One clever solution I've stumbled upon lately if you're using apache (or lighty) is to use mod_xsendfile (http://tn123.ath.cx/mod_xsendfile/), an apache module that uses a header to determine which file to deliver to the user.
It's very simple to install (see link above), and afterward, just include these lines in your .htaccess file:
XSendFile on
XSendFileAllowAbove on
Then in your php code, do something like this when you want the user to receive the file:
header('X-Sendfile: /var/notwebroot/files/secretfile.zip')
Apache will intercept any response with an X-Sendfile header, and instead of sending whatever content you output (you may as well return a blank page), apache will deliver the file.
This takes out all the pain of dealing with mimetypes, chunking, and miscellaneous headers.
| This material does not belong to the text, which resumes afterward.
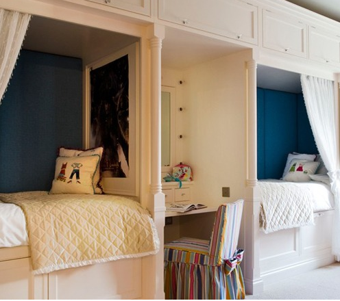 為了節(jié)約空間,在靠墻的地方放下了兩個(gè)用梳妝臺(tái)隔開的床位的衣柜。雖然看上去有點(diǎn)窄,但是能把更多的空間留給孩子玩了,兩個(gè)小女孩公用一個(gè)梳妝臺(tái),但是都能擁有自己獨(dú)立的床。

Use a database. Every time a file is downloaded the database would be updated, as soon as a certain file has reached it's limit it can be either removed or it's access could be denied. For example:
$data = $this->some_model->get_file_info($id_of_current_file);
if ( $data->max_downloads <= 5 )
{
// Allow access to the file
}
I generally keep files outside of the website directory structure for security and request like so:
function retrive_file($file_hash)
{
$this->_redirect();
$this->db->where('file_hash', $file_hash);
$query = $this->db->get('file_uploads');
if($query->num_rows() > 0)
{
$file_info = $query->row();
if($file_info->protect == 1){
$this->_checklogin();
}
$filesize = filesize($file_info->file_path . $file_info->file_name);
$file = fopen($file_info->file_path . $file_info->file_name, "r");
// Generate the server headers
if (strstr($_SERVER['HTTP_USER_AGENT'], "MSIE"))
{
header('Content-Type: "application/octet-stream"');
header('Content-Disposition: attachment; filename="'.$file_info->file_name.'"');
header('Expires: 0');
header('Cache-Control: must-revalidate, post-check=0, pre-check=0');
header("Content-Transfer-Encoding: binary");
header('Pragma: public');
header("Content-Length: ".$filesize);
}
else
{
header('Content-Type: "application/octet-stream"');
header('Content-Disposition: attachment; filename="'.$file_info->file_name.'"');
header("Content-Transfer-Encoding: binary");
header('Expires: 0');
header('Pragma: no-cache');
header("Content-Length: ".$filesize);
}
if($file)
{
while(!feof($file)){
set_time_limit(0);
echo fread($file, $filesize);
flush();
ob_flush();
}
}
fclose($file);
}
}
It would be pretty trivial to add byte/request counting to this.